You make a point that the Eiffel Tower attracts you with the same amount of force that you attract the Eiffel Tower. Ok, let us consider a situation where you are surrounded by six Eiffel Towers. You are standing in the middle of the hexagon formed by the towers.

You attract all towers with the same amount of force that towers attract you, right. Does the attraction between you and the first tower get cancelled by the attraction between you and the fourth tower? Does the attraction between you and the second tower get cancelled by the attraction betwen you and the fifth tower? Does the attraction by you on the third tower get cancelled by the attraction between you and the sixth tower? The answer obviously is no, the pulls are balanced, but the physical arrangement I have described has not changed, the pulls are still present. It was that pull that the individual gram mass has on its surrounding gram masses that I have trigonometrically calculated. The results you have already seen.

Boerseun:

You mention deep mines. In Australian mines a gravitometer was taken to very deep levels. The pull of gravity dropped off faster than it should have. They resolved that this could be caused by a heavy mass below the mine shaft or the mass of the earth is located at a higher level than is currently predictated by the hot-core model. Very curious another scientific disconnect. I have identified 26 scientific disconnects that prague the hot-core model. All of them are resolved with a cold-core model.

Posted
Pyrotex: You make a point that the Eiffel Tower attracts you with the same amount of force that you attract the Eiffel Tower. Ok, let us consider a situation where you are surrounded by six Eiffel Towers. You are standing in the middle of the hexagon formed by the towers.

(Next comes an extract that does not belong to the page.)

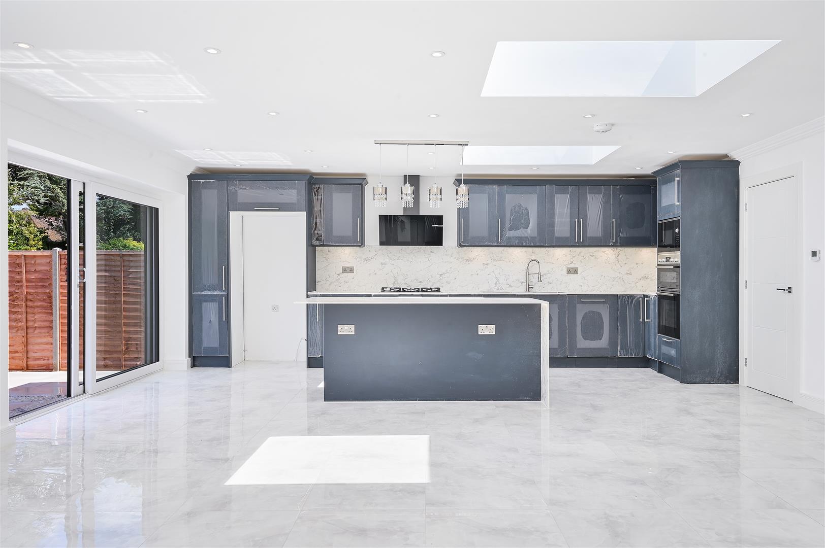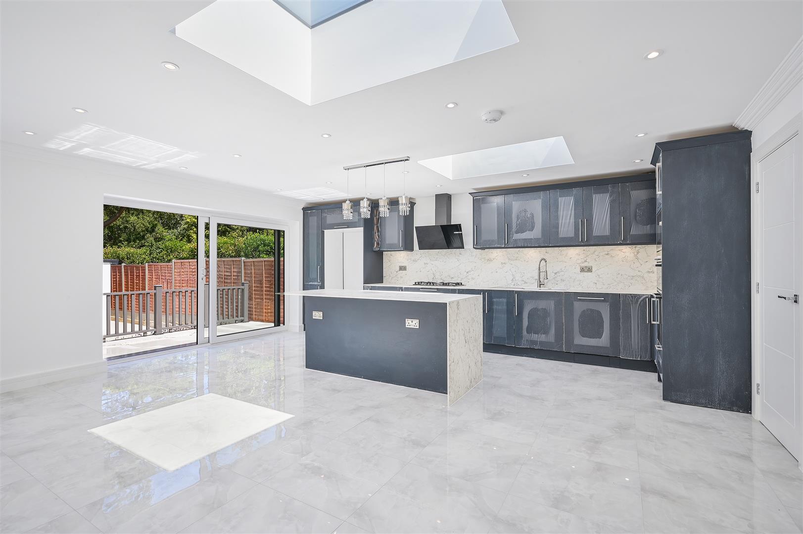 Huge open space with fully fitted kitchen and a large island counter. Lounge-dining space enough for large dining table and lounge furniture. Access into the garden provided by two large double-glazed sliding patio doors.

You attract all towers with the same amount of force that towers attract you, right. Does the attraction between you and the first tower get cancelled by the attraction between you and the fourth tower? Does the attraction between you and the second tower get cancelled by the attraction betwen you and the fifth tower? Does the attraction by you on the third tower get cancelled by the attraction between you and the sixth tower? The answer obviously is no, the pulls are balanced, but the physical arrangement I have described has not changed, the pulls are still present. It was that pull that the individual gram mass has on its surrounding gram masses that I have trigonometrically calculated. The results you have already seen.

Cold-co,

 

Point of note: When the use of the phrase: "cancels out", this does Not mean that it goes away. The force is still present. It has met an equivalent match which makes it's

contribution irrelevant. So in the case of six-equidistant Eiffel Towers in an exact

arraingements as to give complete symmetry, you could create an effect that the sum

total would "cancel out". Non-the-less, all six Eiffel Towers and you would feel the effects

of 1g acceleration of the Earth. So all the Eiffels and you would feel the pull of the Earth.

 

Boerseun: You mention deep mines. In Australian mines a gravitometer was taken to very deep levels. The pull of gravity dropped off faster than it should have. They resolved that this could be caused by a heavy mass below the mine shaft or the mass of the earth is located at a higher level than is currently predictated by the hot-core model. Very curious another scientific disconnect. I have identified 26 scientific disconnects that prague the hot-core model. All of them are resolved with a cold-core model.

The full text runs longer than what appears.